Collection entries
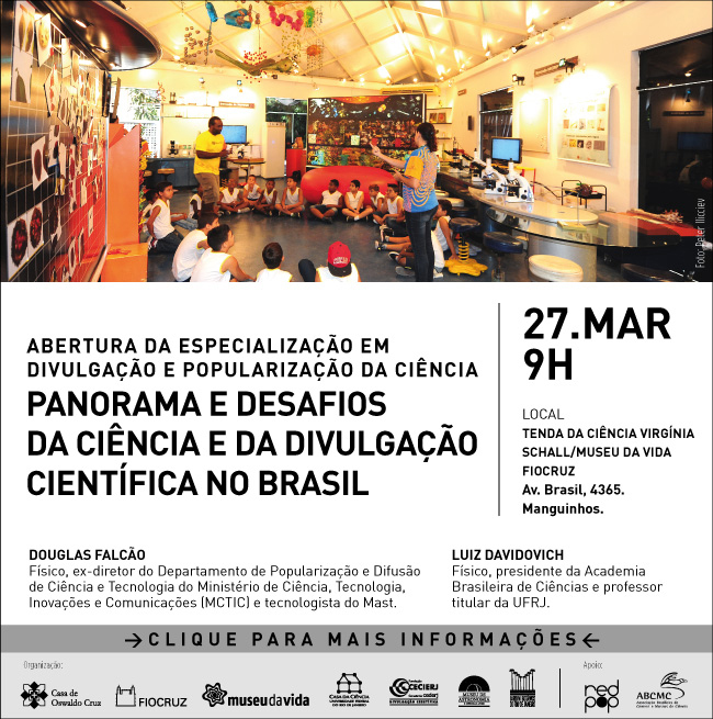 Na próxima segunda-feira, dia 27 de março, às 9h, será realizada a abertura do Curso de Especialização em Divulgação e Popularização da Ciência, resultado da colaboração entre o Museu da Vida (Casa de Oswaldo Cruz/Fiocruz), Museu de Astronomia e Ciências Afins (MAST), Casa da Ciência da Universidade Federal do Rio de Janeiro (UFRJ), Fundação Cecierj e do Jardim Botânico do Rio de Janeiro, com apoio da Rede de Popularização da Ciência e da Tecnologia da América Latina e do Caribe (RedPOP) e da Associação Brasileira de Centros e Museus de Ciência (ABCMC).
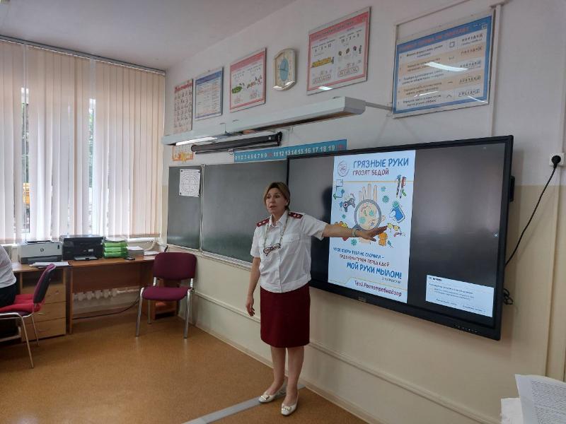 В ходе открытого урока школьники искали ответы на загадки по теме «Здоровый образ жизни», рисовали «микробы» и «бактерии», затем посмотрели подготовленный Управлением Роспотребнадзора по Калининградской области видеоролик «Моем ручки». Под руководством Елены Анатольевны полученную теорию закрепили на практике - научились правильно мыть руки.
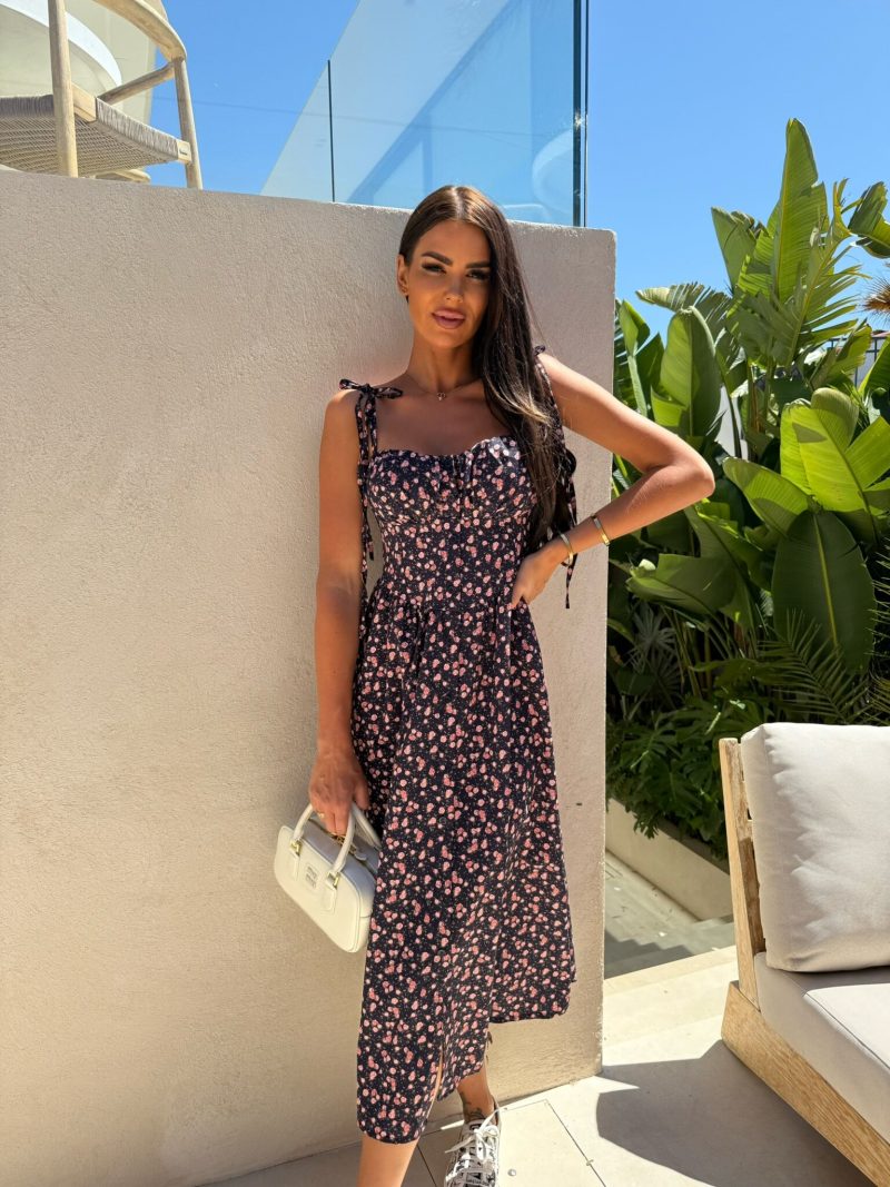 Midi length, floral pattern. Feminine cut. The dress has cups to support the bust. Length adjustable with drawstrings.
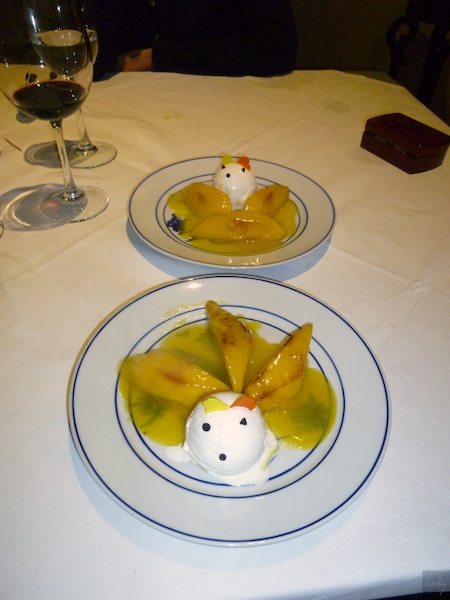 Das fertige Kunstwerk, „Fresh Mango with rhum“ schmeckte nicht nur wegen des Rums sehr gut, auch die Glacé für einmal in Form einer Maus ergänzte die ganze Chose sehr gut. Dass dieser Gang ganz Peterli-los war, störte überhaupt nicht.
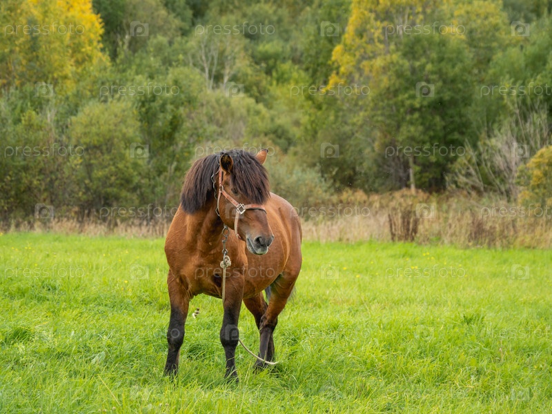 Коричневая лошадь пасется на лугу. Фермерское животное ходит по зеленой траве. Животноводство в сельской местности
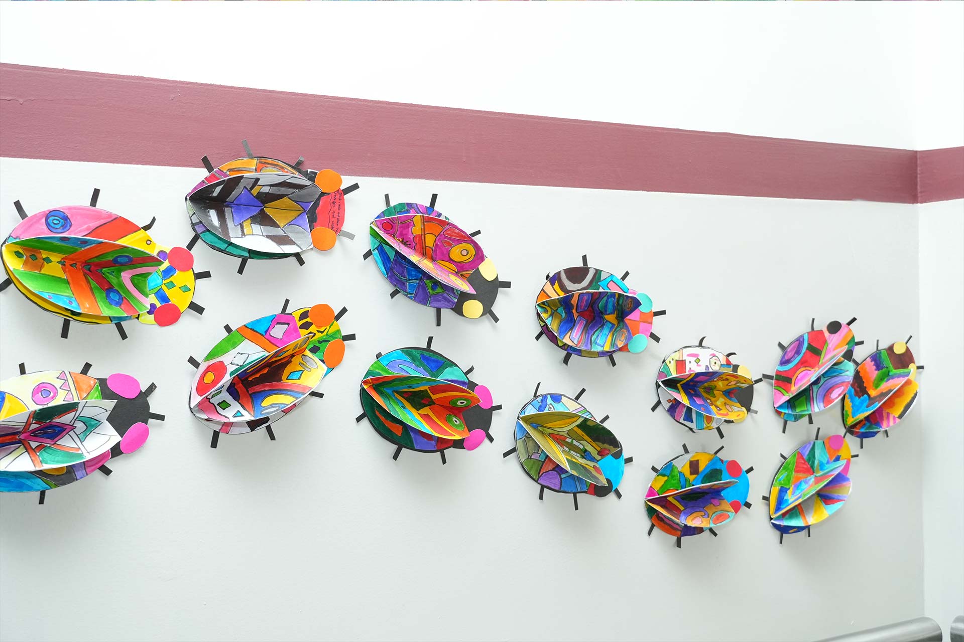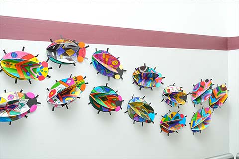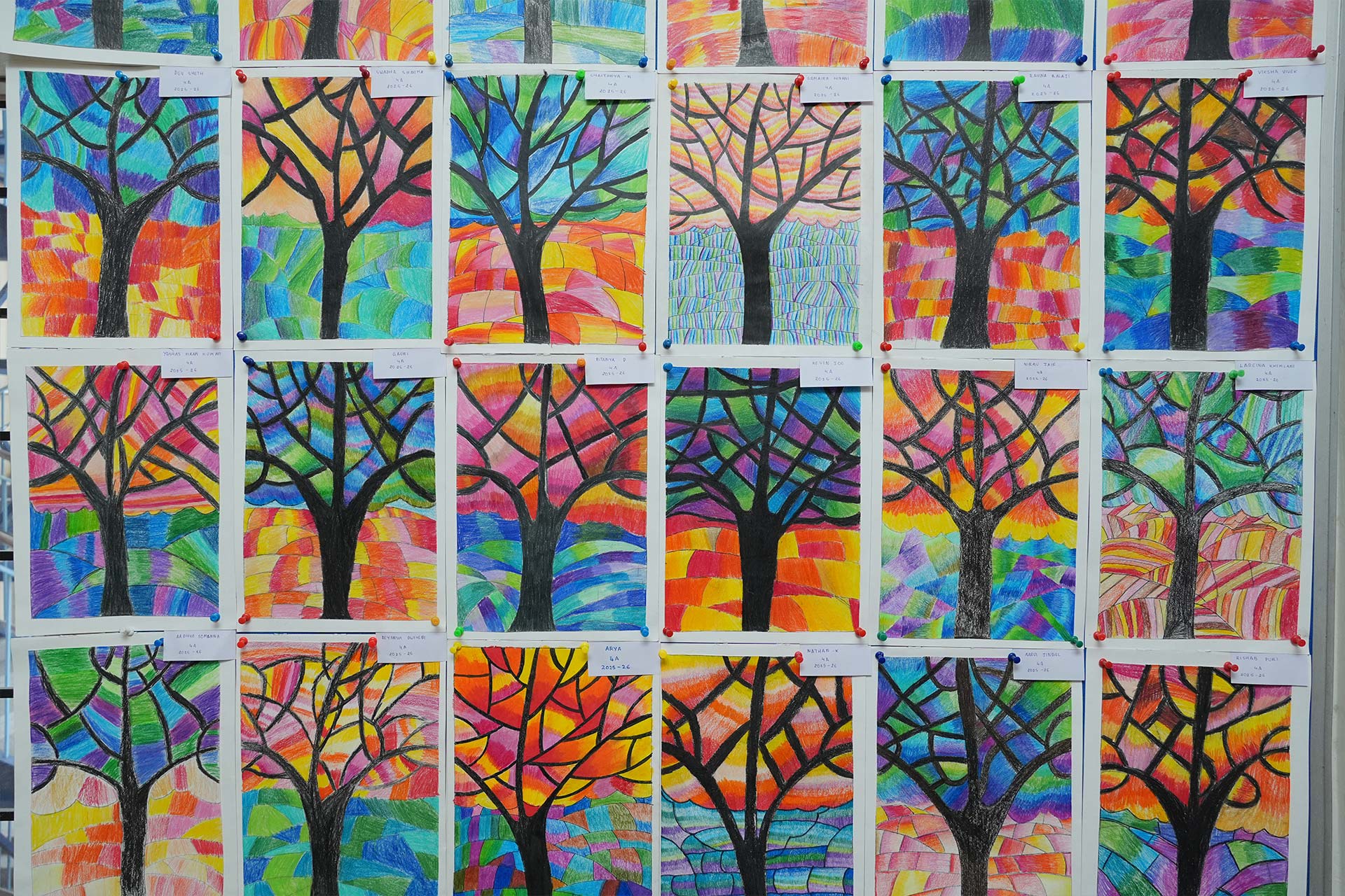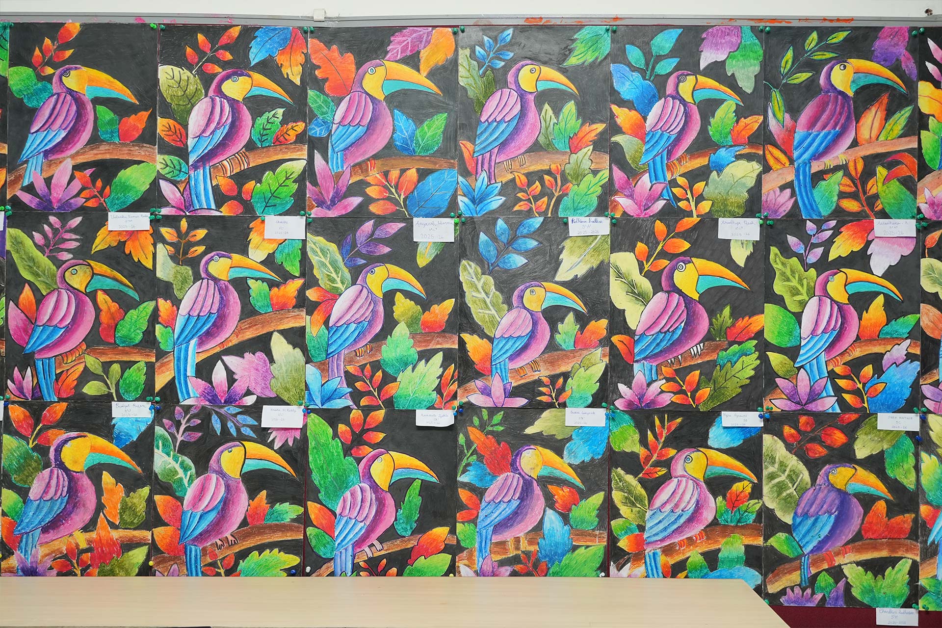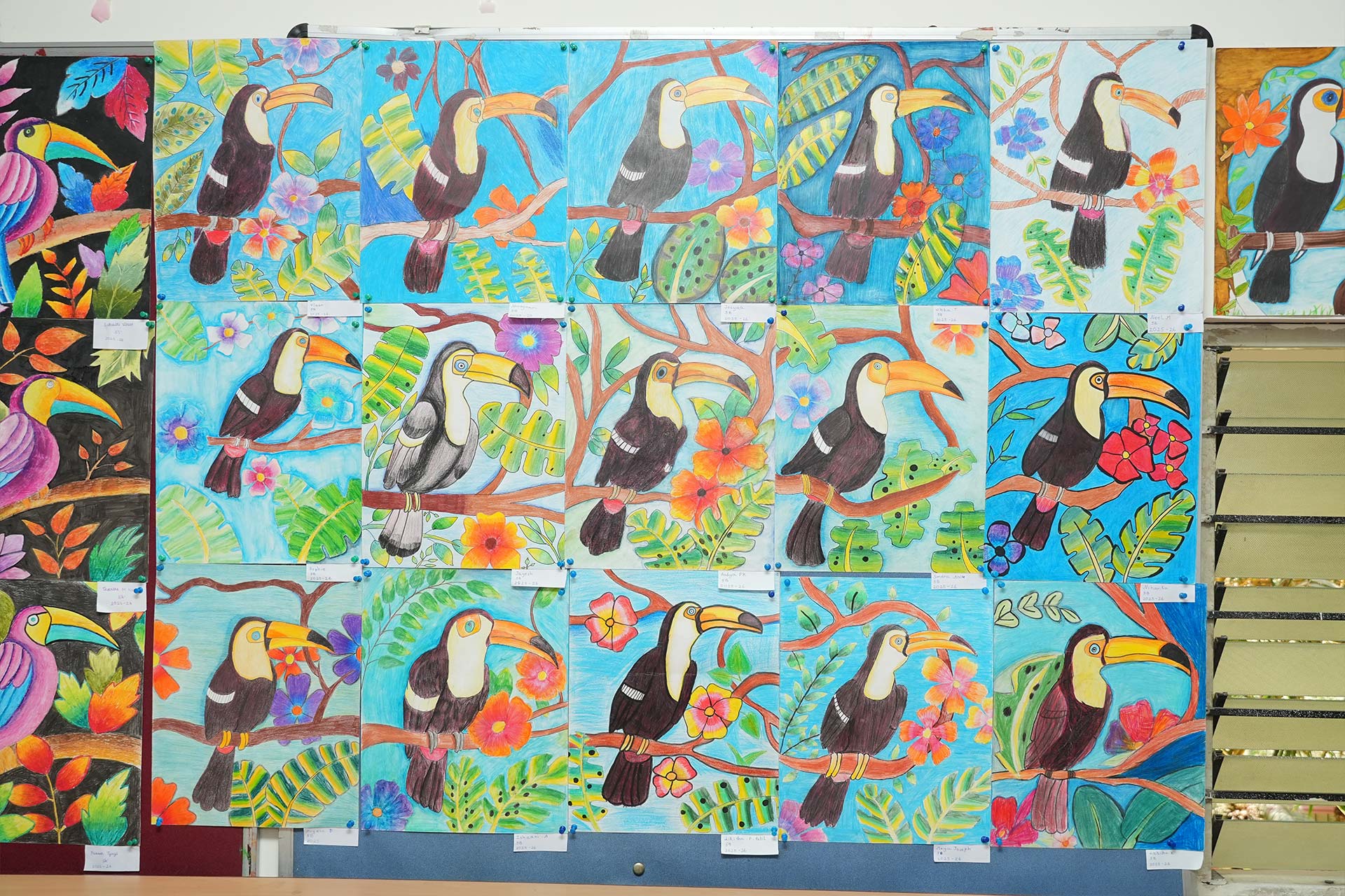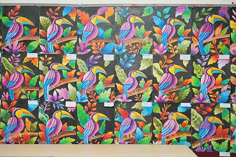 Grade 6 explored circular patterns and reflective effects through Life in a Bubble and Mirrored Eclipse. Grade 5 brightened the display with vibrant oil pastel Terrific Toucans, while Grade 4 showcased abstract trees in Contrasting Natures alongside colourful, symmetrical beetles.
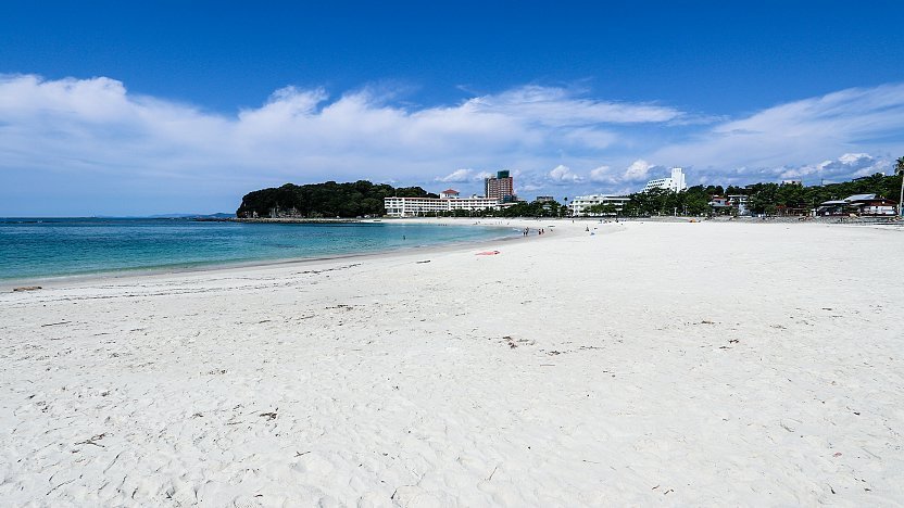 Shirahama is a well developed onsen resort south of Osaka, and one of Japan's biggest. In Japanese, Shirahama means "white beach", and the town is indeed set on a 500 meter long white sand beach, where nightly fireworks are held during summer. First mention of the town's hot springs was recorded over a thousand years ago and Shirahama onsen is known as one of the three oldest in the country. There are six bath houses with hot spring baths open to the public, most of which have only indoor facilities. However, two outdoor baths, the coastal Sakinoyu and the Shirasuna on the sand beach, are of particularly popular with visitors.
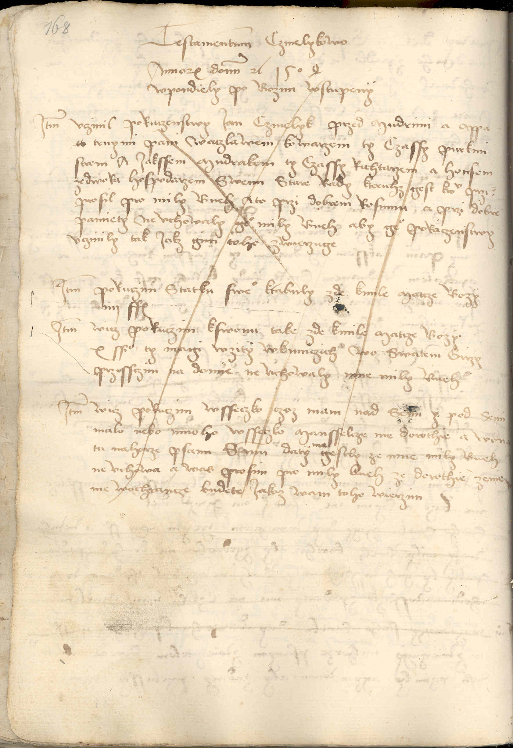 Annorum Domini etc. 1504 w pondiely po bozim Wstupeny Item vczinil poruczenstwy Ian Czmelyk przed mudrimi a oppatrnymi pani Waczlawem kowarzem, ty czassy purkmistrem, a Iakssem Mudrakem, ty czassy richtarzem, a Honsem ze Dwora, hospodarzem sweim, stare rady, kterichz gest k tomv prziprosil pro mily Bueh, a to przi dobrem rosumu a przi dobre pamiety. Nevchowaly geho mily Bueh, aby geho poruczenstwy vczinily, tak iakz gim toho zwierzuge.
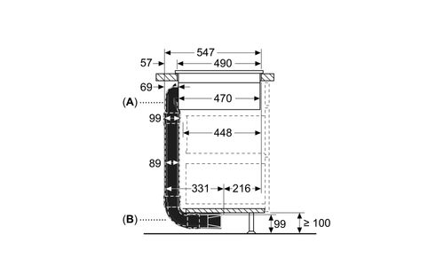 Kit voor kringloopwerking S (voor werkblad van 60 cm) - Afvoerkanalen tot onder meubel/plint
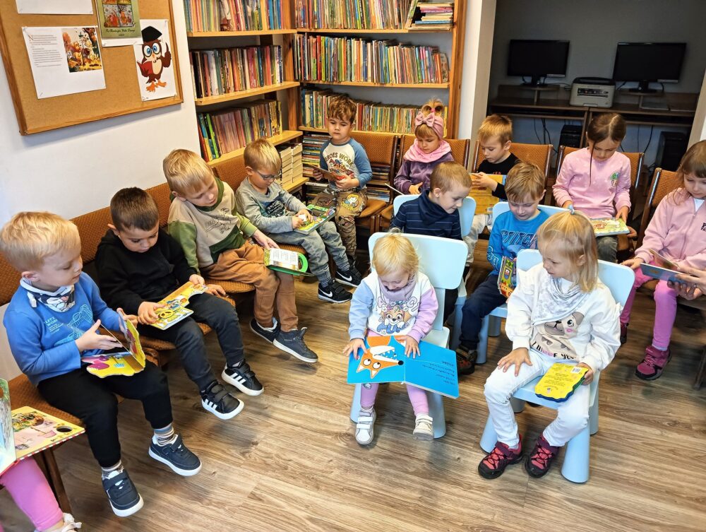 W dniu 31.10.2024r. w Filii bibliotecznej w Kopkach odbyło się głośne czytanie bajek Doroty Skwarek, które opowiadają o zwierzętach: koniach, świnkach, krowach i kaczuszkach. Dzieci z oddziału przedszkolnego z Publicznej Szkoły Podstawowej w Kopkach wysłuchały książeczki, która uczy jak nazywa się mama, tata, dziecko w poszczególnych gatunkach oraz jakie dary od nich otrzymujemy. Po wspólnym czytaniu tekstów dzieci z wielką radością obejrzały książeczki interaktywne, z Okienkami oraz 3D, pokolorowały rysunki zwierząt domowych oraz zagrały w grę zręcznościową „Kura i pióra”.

Your task: From the line containing "Annorum Domini etc." down to the last line of the data, print every line exactly and nothing else. Pictures stay out of the copy.

Output of the exercise:
 Annorum Domini etc. 1504 w pondiely po bozim Wstupeny Item vczinil poruczenstwy Ian Czmelyk przed mudrimi a oppatrnymi pani Waczlawem kowarzem, ty czassy purkmistrem, a Iakssem Mudrakem, ty czassy richtarzem, a Honsem ze Dwora, hospodarzem sweim, stare rady, kterichz gest k tomv prziprosil pro mily Bueh, a to przi dobrem rosumu a przi dobre pamiety. Nevchowaly geho mily Bueh, aby geho poruczenstwy vczinily, tak iakz gim toho zwierzuge.
 Kit voor kringloopwerking S (voor werkblad van 60 cm) - Afvoerkanalen tot onder meubel/plint
 W dniu 31.10.2024r. w Filii bibliotecznej w Kopkach odbyło się głośne czytanie bajek Doroty Skwarek, które opowiadają o zwierzętach: koniach, świnkach, krowach i kaczuszkach. Dzieci z oddziału przedszkolnego z Publicznej Szkoły Podstawowej w Kopkach wysłuchały książeczki, która uczy jak nazywa się mama, tata, dziecko w poszczególnych gatunkach oraz jakie dary od nich otrzymujemy. Po wspólnym czytaniu tekstów dzieci z wielką radością obejrzały książeczki interaktywne, z Okienkami oraz 3D, pokolorowały rysunki zwierząt domowych oraz zagrały w grę zręcznościową „Kura i pióra”.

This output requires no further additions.